Bei Anträgen, die formal oder inhaltlich das Selbstbestimmungsrecht von FIT* berühren oder von denen FIT* besonders betroffen sind, haben die FIT* die Möglichkeit vor der Abstimmung der Versammlung eine gesonderte Abstimmung nur unter den FIT* durchzuführen. Es können FIT*vota oder FIT*vetos beschlossen werden. Ein FIT*votum ist eine nicht bindende Empfehlung. Die Entscheidung über diese Anträge wird mit einfacher Mehrheit der FIT* getroffen. Sollten die Abstimmungsergebnisse zwischen der Entscheidung des FIT*forums und der Gesamtversammlung voneinander abweichen, hat das FIT*veto aufschiebende Wirkung. Der Antrag kann erst bei der nächsten Versammlung wieder eingebracht werden. Ein erneutes FIT*veto in der gleichen Sache ist nicht möglich.

§ 3 Redelisten

Die Redeleitung hat bei der Diskussionsleitung ein Verfahren zu wählen, welches das Recht von FIT* auf die Hälfte der Redezeit gewährleistet, gegebenenfalls auch die Führung getrennter Redelisten. Gibt es keine quotierten Redebeiträge mehr, kann die Redeliste mittels Geschätsordnungsantrag, über den die weiblichen* Teilnehmerinnen abstimmen, geöffnet werden. Die Diskussionsleitung ist mindestens zur Hälfte von FIT* zu übernehmen. Einbringungs- und Gegenreden sind unabhängig von dem gewählten Verfahren zu ermöglichen.

§ 4 Einstellungspraxis

Die GRÜNE JUGEND fördert auch als Arbeitgeberin die Gleichstellung. In Bereichen, in denen FIT* unterrepräsentiert sind, werden sie bei gleicher Qualifikation solange bevorzugt eingestellt, bis die Parität erreicht ist.
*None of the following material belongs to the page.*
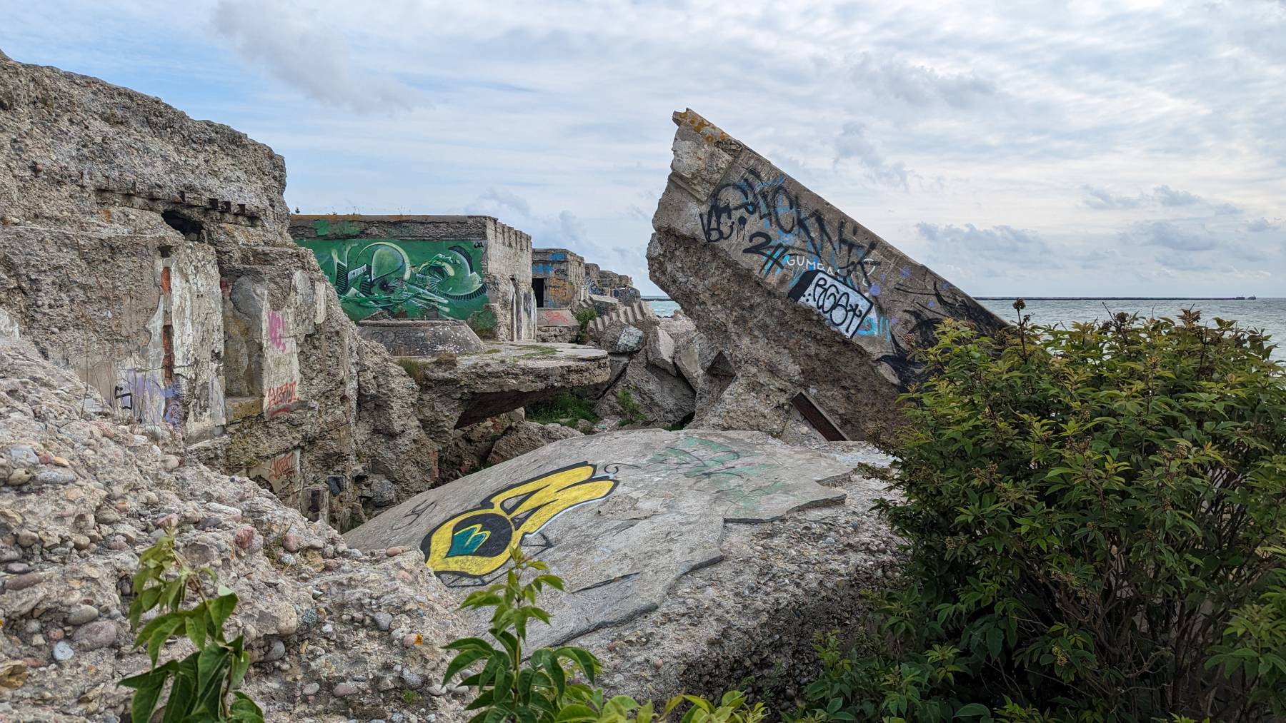 Wir kommen nach Liepaja, ein Ort der zu sowjetischer Besatzungs-Zeit komplett abgeriegelt war. Wir lesen, dass der Süden schöner als der Norden sein soll. Ja, das ist er, hässlicher als der Norden geht nicht. Bereits der Süden ist hässlich, viel alte Bebauung und unrenoviert. Der Norden ist einfach nur beklemmend. Unrenovierte, nein heruntergekommene, 6-stöckige langgezogene Wohnblöcke aus russischer Zeit, die auch noch bewohnt sind und viele Ruinen. Kein Ort, der zum Verweilen einlädt. Wir gucken uns aber das „Nord-Fort“ an. Ruinen der russischen Befestigungsanlage, die heute teilweise ins Meer ragen. Eine erschütternde Anlage oder besser Betonwüste.

§ 5 Politische Weiterbildung

Die politische Weiterbildung hat bei der GRÜNEN JUGEND Niedersachsen einen hohen Stellenwert. Bei Seminaren und Veranstaltungen wird angestrebt, dass FIT* mindestens die Hälfte der Teilnehmer*innen ausmachen. Falls ein Auswahlverfahren notwendig ist, werden FIT* bei gleicher Qualifikation bevorzugt. Zudem ist bei der Organisation und Planung von Veranstaltungen der GRÜNEN JUGEND, z.B. bei Seminaren oder Podiumsdiskussionen, darauf zu achten, mindestens so viele weibliche* wie nicht weibliche Referent*innen einzuladen.

FIT* = FrauenInterTrans*-Personen. Inter- und Trans*menschen werden aufgrund ihrer geschlechtlichen Identität diskriminiert. Durch die explizite Erwähnung dieser Personengruppen in unserer Satzung wirken wir so der Unsichtbarmachung dieser Menschen entgegen.